Took it for granted that for every var or attribute that could take a ref as its value, the programmer must declare type of location of that pointer. Standard for languages like C++.
Pointer types can be checked at compile time.
Discovered years ago that this was quite an original idea. No other language checked the types of variables at indirect addresses pointed to by pointers.
Great thing about record handling was that if you structured your data as a set of records you would never have a subscript error – no need to test whether a pointer is within range - you cannot construct a pointer that doesn’t point to something that exists and is of the expected type. That is logically impossible and so here is a whole class of errors that can never happen again. Good idea to do this checking at compile-time because there was a time penalty in doing subscript checking in ALGOL compiler. Asked customers if they’d like option of switching off type checking after they’d tested the programs. Once said that removing type checking from your running programs and using them only for testing is like wearing a life jacket on your practice emergency drills and taking them off as soon as your ship was really sinking. But customers where asked if they’d like the option of taking the life jacket off – they said no. Never put the option in. But still it was a very serious mistake for Elliots. Because a lot of potential customers were Fortran users rather than ALGOL. Translate from Fortran to ALGOL. Disaster. No Fortran user would touch it. They couldn’t run any of their programs – subscript error. User’s didn’t care about subscript error – just wanted it to run like it did on their machines.
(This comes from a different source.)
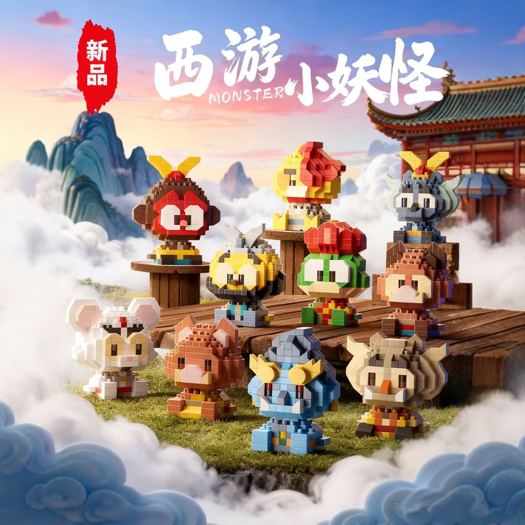 厂家批发nlnm浪浪山小妖怪积木拼装微颗粒儿童玩具卡通兼容乐高

So, everything so far seems fine. We’ve got our object-orientation with careful type-checking of all the pointers, safe and there’s no overhead. Testing every subscript for its correctness.
And then I went and invented a null pointer.
And if you use a null pointer you either have to check every reference or you risk disaster – most people of course (like Fortran programmers) would prefer to risk disaster, and indeed suffer disaster, rather than check all their subscripts. I didn’t know that at the time but my friend Dykstra who was also working with the team developing ALGOL-60 thought the null reference was a bad idea and he gave a very subtle and abstract reason for it. He said if you have a null reference, then every bachelor who you’d represent in your object structure would seem to be polygamously or rather polyandorously to the same person that’s called her “nuller”. I thought that was rather a nice criticism but my real criticism is that it brings back again unnecessarily all the agony of having to choose whether to run your program fast without checking or run it slow with checking.
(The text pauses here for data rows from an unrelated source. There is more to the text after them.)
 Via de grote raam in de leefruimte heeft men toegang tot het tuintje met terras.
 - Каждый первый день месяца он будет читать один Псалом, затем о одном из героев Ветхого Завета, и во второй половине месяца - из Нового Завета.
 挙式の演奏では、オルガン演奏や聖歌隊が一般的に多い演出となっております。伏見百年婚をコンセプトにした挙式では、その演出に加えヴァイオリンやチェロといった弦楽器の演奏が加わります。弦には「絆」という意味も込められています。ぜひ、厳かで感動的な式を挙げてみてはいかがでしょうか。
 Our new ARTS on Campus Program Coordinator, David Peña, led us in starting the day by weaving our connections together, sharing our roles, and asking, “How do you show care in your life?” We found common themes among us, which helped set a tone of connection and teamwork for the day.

Now, I did know that there was a solution to this problem. It was based on the idea of discrimination between objects belonging to a disjoint union class. Idea I got from pure mathematics is that of a disjoint union that is a union between two sets which have no members in common. So a language can quite reasonably have a facility for declaring a new class not as the Cartesian product of attributes drawn from other classes but rather as a disjoint union of various other classes. E.g. if you had a class of vehicles you might classify them as either busses or private cars and separately declaring different structures of attributes for those two classes. Bus has max passengers and private car has capacity of trunk/boot. And every time you accessed either of those components of the object you would have to do it within a discrimination clause which tested. It looked at the vehicle and say when it is a bus you can look at max passengers, when it’s a car you can look at its capacity. But size of source program gets quite a bit larger by having to make all these discrimination clauses and you have to deal with both cases separately. If we insisted on a discrimination clause then we should make null not into a value of a pointer but rather into a class – a class which never had any objects in it and which only had one pointer which obviously didn’t point to any objects. So now whenever you wanted to have a null pointer you would declare your pointer to be either a pointer to the null class or a pointer to the Vehicle class or the Wife class and that would give you a way of specifying whether you wanted this pointer to be able to take a null value or not or whether you wanted it to remain definitely pointing to something and you would never have to test.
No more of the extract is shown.